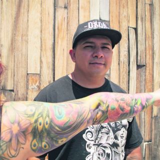 El Indio habla luego de terminar de perpetuar un brazo en tinta negra. Su mirada fija en el interlocutor intimida, así como el corazón tatuado en su garganta que palpita cada que emite una palabra.
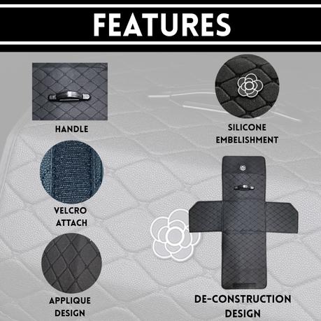 - Design Elements: Handle, Velcro fasteners, silicone embellishment, foldable construction
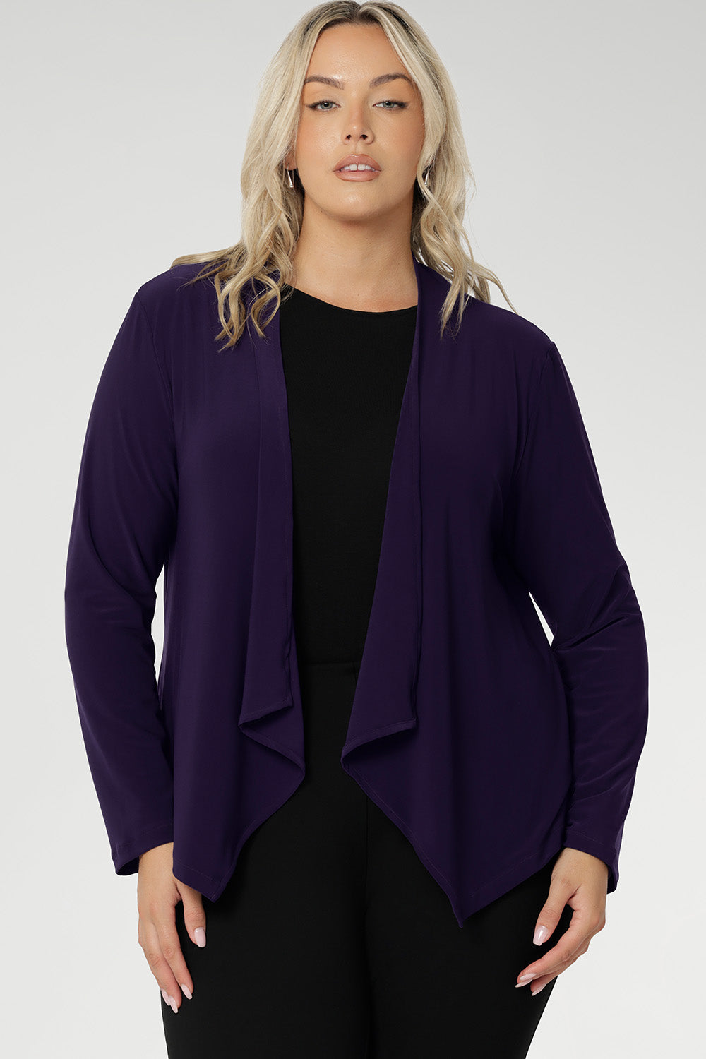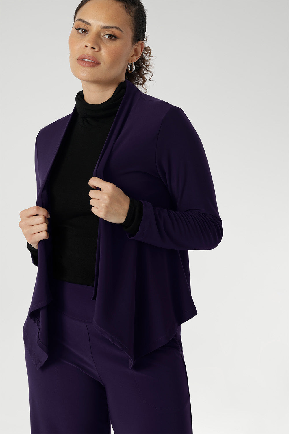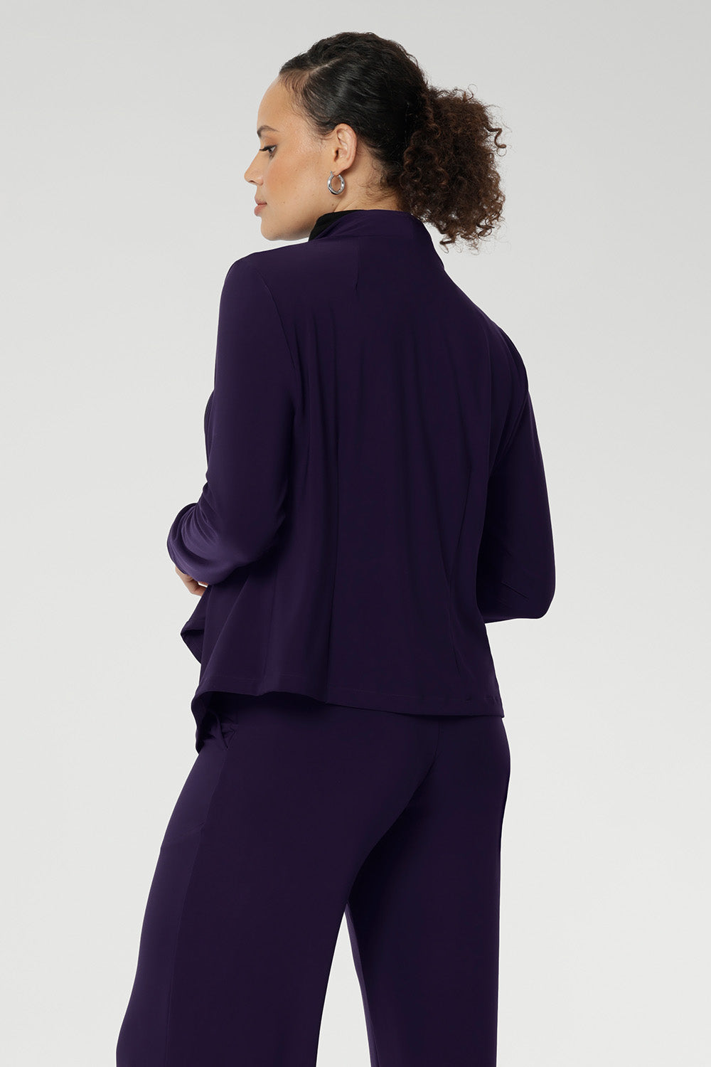 Crafted from our premium heavy-weight dry touch stretch jersey, Mikey is a jacket-like cardigan, softly tailored with an open, waterfall front, offering a chic, sophisticated look that transitions you seamlessly from work to after-hours events.
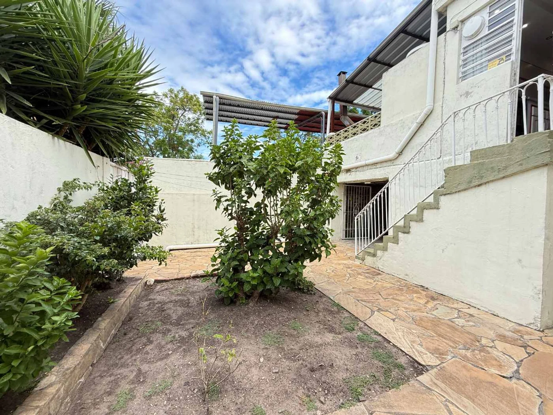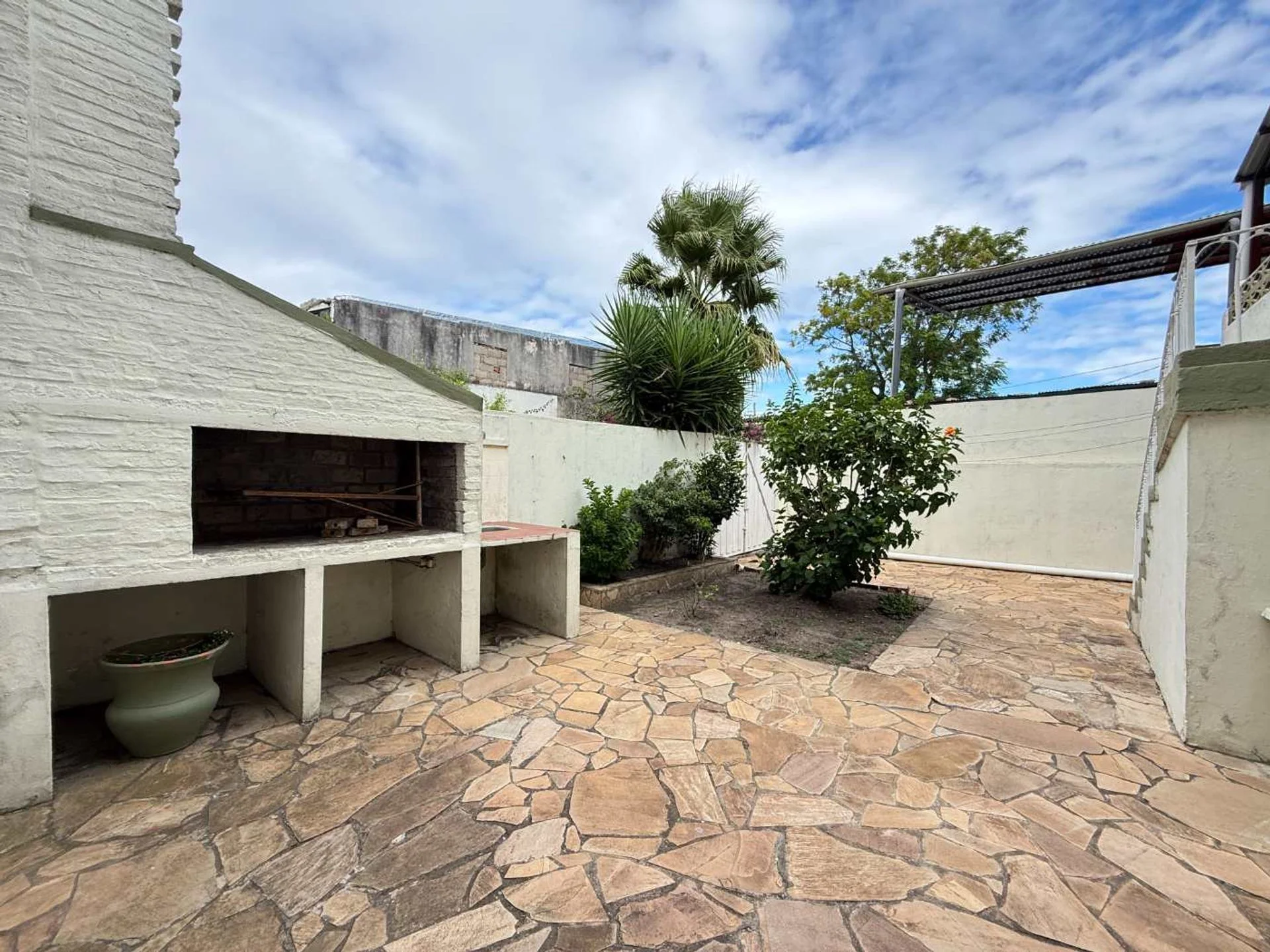 Patio con muros perimetrales en altura brindando privacidad y seguridad a la propiedad.

- **ASSIGNMENT**
Copy every line above word for word and exclude the pictures.

- **RESPONSE TO THIS TASK**
 El Indio habla luego de terminar de perpetuar un brazo en tinta negra. Su mirada fija en el interlocutor intimida, así como el corazón tatuado en su garganta que palpita cada que emite una palabra.
 - Design Elements: Handle, Velcro fasteners, silicone embellishment, foldable construction
 Crafted from our premium heavy-weight dry touch stretch jersey, Mikey is a jacket-like cardigan, softly tailored with an open, waterfall front, offering a chic, sophisticated look that transitions you seamlessly from work to after-hours events.
 Patio con muros perimetrales en altura brindando privacidad y seguridad a la propiedad.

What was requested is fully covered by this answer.